Synthesis Agent detects gaps in purification via contradiction flagging across Shima and Sakai (1981) and modern reviews. Writing Agent uses latexEditText, latexSyncCitations for ε-PL pathway diagrams, and latexCompile for reports; exportMermaid visualizes pl gene regulation flows.

Use Cases

"Analyze yield data from ε-PL fermentation papers using Python."

Research Agent → searchPapers('Streptomyces albulus yield') → Analysis Agent → readPaperContent(Li et al. 2011) → runPythonAnalysis(pandas plot of glucose vs yield) → matplotlib graph of optimized strains.

"Write LaTeX review on ε-PL antimicrobial packaging."

Synthesis Agent → gap detection(Luz et al. 2017) → Writing Agent → latexEditText(intro section) → latexSyncCitations(8 papers) → latexCompile → PDF with cited food safety impacts.

"Find code for ε-PL genome shuffling simulations."

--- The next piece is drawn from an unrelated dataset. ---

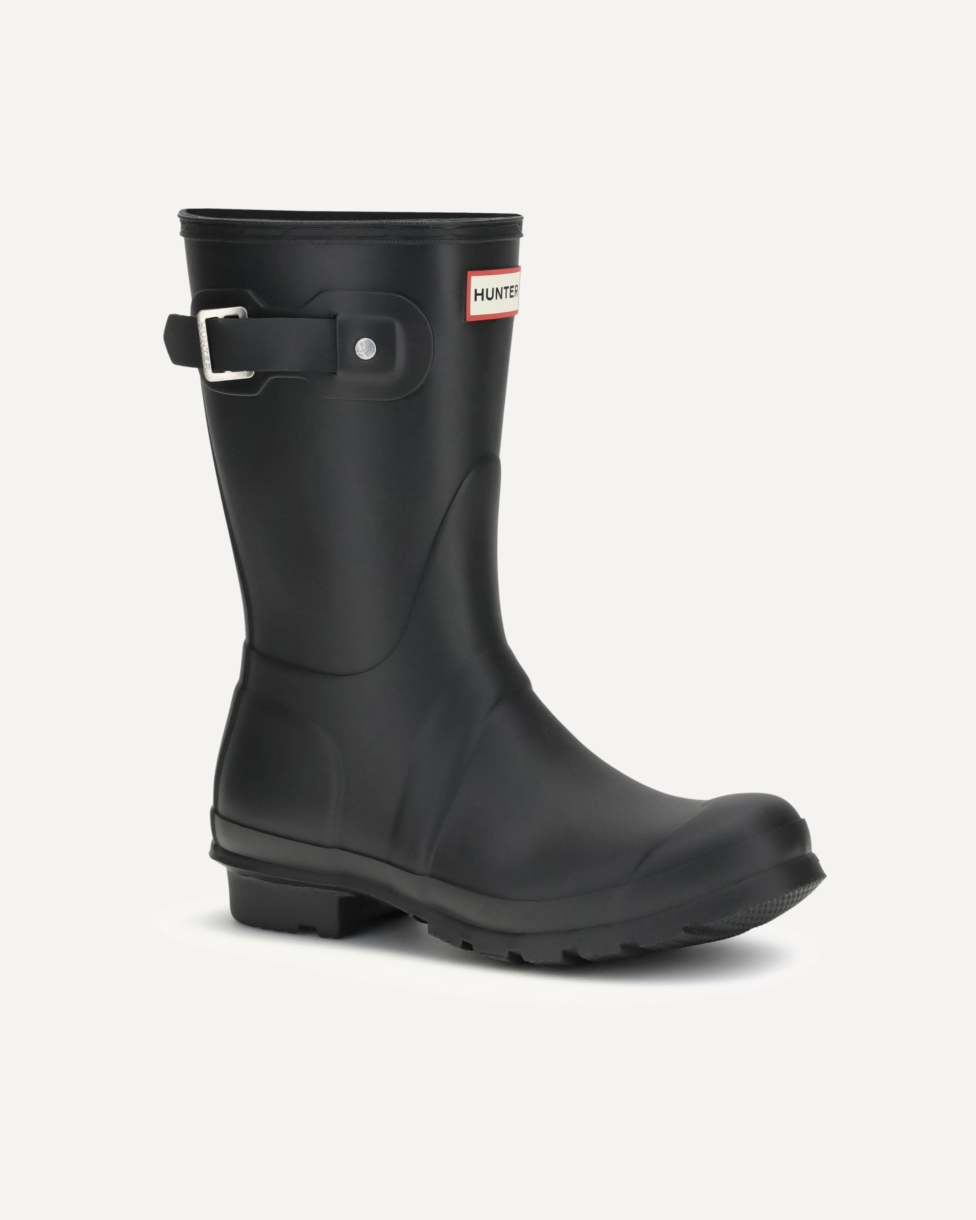 Rubber Wellington Boot by Hunter model for women is a shorter version of the iconic Hunter Original tall boot. Made of natural rubber, each boot is handcrafted and assembled in three days before being vulcanized for superior protection. Featuring Hunter Original tread and a comfortable polyester lining, this black Wellington boot is a must-have for rainy days.

Research Agent → paperExtractUrls(Li et al. 2012) → paperFindGithubRepo → Code Discovery → githubRepoInspect → Python scripts for Streptomyces modeling shared via exportCsv.

Automated Workflows

Deep Research workflow scans 50+ ε-PL papers via searchPapers → citationGraph, generating structured reports on yield trends from Shima (1981) to Wang (2021). DeepScan's 7-step chain with CoVe verifies pl gene claims in Li et al. (2011). Theorizer builds hypotheses on chemical analogs from Chen et al. (2021) dendrimers.

Try Doxa for Epsilon-Poly-Lysine Synthesis Research

Frequently Asked Questions

What is the definition of epsilon-poly-lysine synthesis?

It is the microbial production of ε-PL homopolymer (25-30 L-lysine residues with α/ε linkages) by Streptomyces albulus, discovered by Shima and Sakai (1981).

What are key methods in ε-PL synthesis?

Fermentation by Streptomyces albulus with pl gene regulation; genome shuffling (Li et al., 2011, 59 citations); dendrimer modifications (Chen et al., 2021).

What are the most cited papers?

Wang et al. (2021, 112 citations) on biomanufacturing; Shima and Sakai (1981, 65 citations) on Streptomyces taxonomy; Pandey and Kumar (2013, 64 citations) on biosynthesis strategies.